Haskell befriended many household names ranging from Michael Jackson to Imelda Marcos, and even brought her pal Donald Trump with his new bride Ivana to the opening night of Studio 54.
StarCaps hit the scene in the 1980s and swept Hollywood by the '90s, with billboards up and down the Sunset Strip splashed with slogans like 'Dare To Be Thin' - but that was before an explosive scandal brought the whole enterprise crashing down.
In 2008, Haskell was sued by an NFL star who got suspended when he tested positive for a banned substance that can be used to hide steroid use.

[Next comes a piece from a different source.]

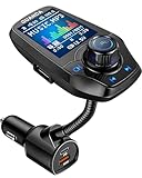 - Erweiterte 1,8 "digitale farbenfrohe LCD -Anzeige: Über unsere Bluetooth FM transmitters für Auto sind deutlich mehr Indikatoren zu sehen, z. Spielenstatus, Volumen usw. In der Zwischenzeit nimmt der FM transmitter adapter für Auto ein rotiertes 360-Grad-flexibler elegantes Schwanenhals-Design an.

He blamed StarCaps, triggering a rollercoaster of legal drama that left Haskell bankrupt.
Now, Haskell exclusively tells the Daily Mail about the rise and fall of the original Hollywood weight-loss hack, and how she became the 'scapegoat' for the ultimate juggernaut of American professional sports.
Who Is Nikki Haskell?
Haskell, who calls Hollywood hot spot Craig's her 'favorite fast food restaurant,' has watched her weight like a hawk all her life.
She is not opposed to Ozempic and its 'phenomenal' impact, given the 'huge crisis' of obesity in America, but she also takes pains to draw a distinction between the potent diabetes drug and what she maintains was her own 'natural product.'
Her mother 'put me on a diet when I was born' and wanted her to be 'born married,' she quipped over lunch at the Beverly Hills Hotel's Polo Lounge.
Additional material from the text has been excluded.